L'imposition d'une attente de 10 jours entre la demande d'aide médicale à mourir et sa réalisation donne lieu à une guerre d'interprétation sur la juridiction en matière de santé entre le ministre de la Santé, Gaétan Barrette, et la porte-parole péquiste en matière de soins de fin de vie, Véronique Hivon.

Lundi, Mme Hivon a accusé le ministre d'avoir modifié de façon illégale la Loi québécoise sur les soins de fin de vie en imposant ce délai sans avoir soumis cette décision au processus législatif.

La décision a été annoncée dans une lettre datée du 13 juillet aux établissements de santé, signée par le sous-ministre de la Santé, Michel Fontaine, qui disait devoir se conformer à la loi fédérale C-14 adoptée le 17 juin dernier.

«J'estime que la démarche devant laquelle on est, de modifier les critères d'application d'une loi par lettre, ce n'est pas une démarche qui est valide, ce n'est pas une démarche qui est légale», a déclaré Mme Hivon en conférence de presse, lundi à Montréal.

La députée de Joliette croit que ce nouveau délai de 10 jours est une grave atteinte au bien-être des patients.

«Pour quelqu'un pour qui chaque heure est une agonie qui a l'air de durer une semaine, vous en parlerez aux gens; ils vont vous dire que c'est la fin du monde», a-t-elle affirmé.

Le ministre Barrette, qui était en vacances, n'a pas hésité à reprendre du service pour rejeter catégoriquement cette interprétation, d'abord pour rappeler qu'il s'est opposé et qu'il s'oppose toujours à ce délai de 10 jours, mais qu'il a les mains liées.

«Le 10 jours, c'est une mesure qui pour moi n'a pas de sens. C'est une mesure défensive pour un gouvernement qui voulait ménager la chèvre et le chou électoral, parce que le Canada n'est pas uniforme d'un océan à l'autre sur ce sujet», a affirmé le ministre en entrevue avec La Presse canadienne.

«Je suis contre ce 10 jours, mais aujourd'hui je suis pris avec», a-t-il insisté.

«Mais on n'a pas changé la loi d'aucune manière. Nous avons envoyé une lettre d'information pour aviser les professionnels surtout et les administrations que nous étions dans un nouveau régime qui a été changé par C-14», a-t-il ajouté.

Mme Hivon estime toutefois que cette démarche est une capitulation face à Ottawa.

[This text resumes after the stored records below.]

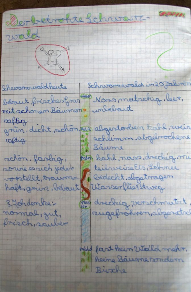 Und zum Schluss noch ein Highlight: der Schwarzwald damals schon betroht! Wir haben ein ziemlich düsteres Bild gezeichnet, wie der Wald wohl in 20 Jahren aussieht (und das war vor ziemlich genau 20 Jahren): Es sollte schon fast keinen Wald mehr geben! Alles ist leer, unbebaut, abgestorben, kahl, wüst, schlimm ... so schnell gings dann nicht. Heute ist der Wald noch schön. Aber definitiv noch bedrohter als vor 20 Jahren.
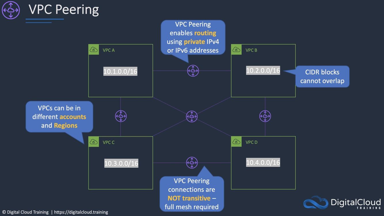 A VPC peering connection is a networking connection between two VPCs that enables you to route traffic between them using private IPv4 or IPv6 addresses.
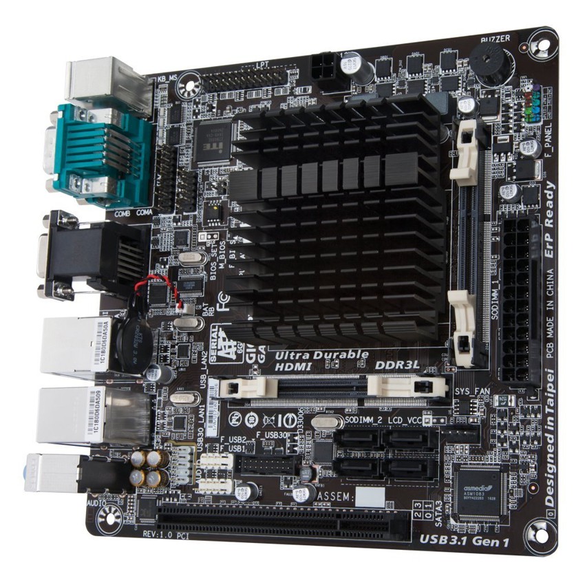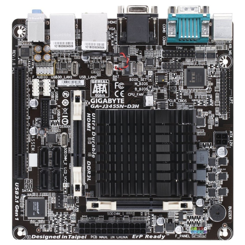 Descripción Condensadores de audio de alta calidad Built-in Intel® Celeron? J3455 (up to 2.3 GHz) quad-core processor Soporta slots Dual channel DDR3L SO-DIMM Interfaz PCI para una amplia selección de tarjetas de expansión Dos interfaces SATA 6Gb/s extra para una mayor conectividad de almacenamiento Dual LAN GbE con protección frente a ESD Tecnología GIGABYTE Ultra Durable? Únicamente condensadores sólidos con diseño PCB protegido frente a la humedad
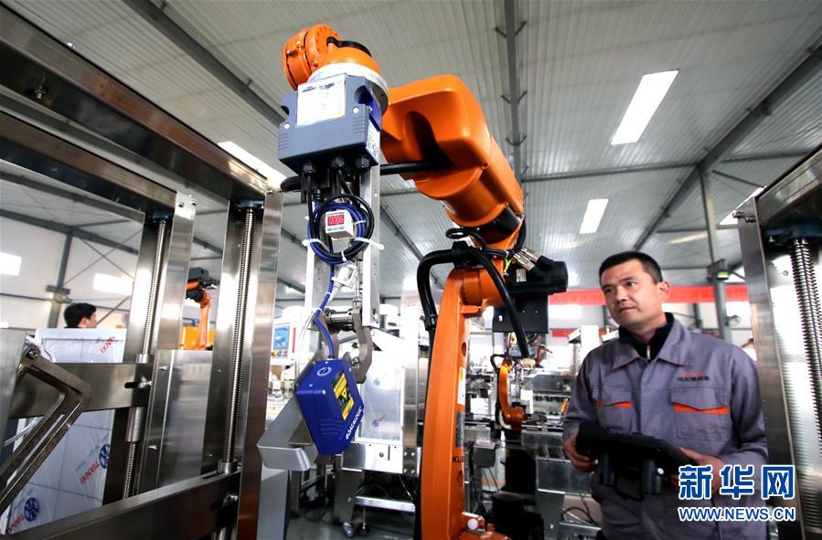 12月29日,在邯郸市永年工业园区,一家高新技术企业的员工在调试机器人装箱程序。近年来,河北省邯郸市永年区坚持新发展理念,以供给侧结构性改革为主线,加快新旧动能转换,打造高新技术产业集群,助推当地经济高质量发展。新华社记者 王晓 摄

«Il (Gaétan Barrette) est en train carrément de modifier notre loi, d'abdiquer nos compétences», a-t-elle affirmé.

Elle rappelle que les tribunaux ont déjà statué sur la validité de la loi québécoise et, selon elle, la législation fédérale vise à se conformer à la décision de la Cour suprême qui permet l'aide médicale à mourir, mais les modalités proposées par Ottawa ne s'appliquent pas au Québec, car les modalités relèvent de la compétence exclusive de la province.

Pour Gaétan Barrette, qui dit s'appuyer sur les recommandations des mêmes avocats que ceux qui ont conseillé la commission coprésidée par Mme Hivon sur les soins de fin de vie, une telle interprétation est complètement erronée.

«Le Code criminel dit que ce n'est plus criminel à la condition que ça se fasse de telle manière. Autrement, c'est criminel. Les deux ne sont pas parallèles; les deux sont liés, soudés, indissociables. De voir Mme Hivon arriver et dire que c'est dissociable, ça dépasse tout entendement juridique», a-t-il soutenu.

Il en a profité pour lui lancer au passage une volée de bois vert partisan.

«Véronique Hivon m'invite à la désobéissance civile. Elle me demande de ne pas respecter le Code criminel et c'est une avocate. C'est une potentielle future première ministre et c'est ça son attitude? Wow. Moi je trouve ça très grave», a laissé tomber le ministre de la Santé.

Il a toutefois noté en cours d'entrevue qu'il s'attend à ce que la loi C-14 soit déclarée inconstitutionnelle à l'issue d'une contestation de la Ligue des libertés civiles de Colombie-Britannique et qu'il pourra, à ce moment, revenir à la charge pour faire évacuer cette contrainte d'une nouvelle version de la législation fédérale.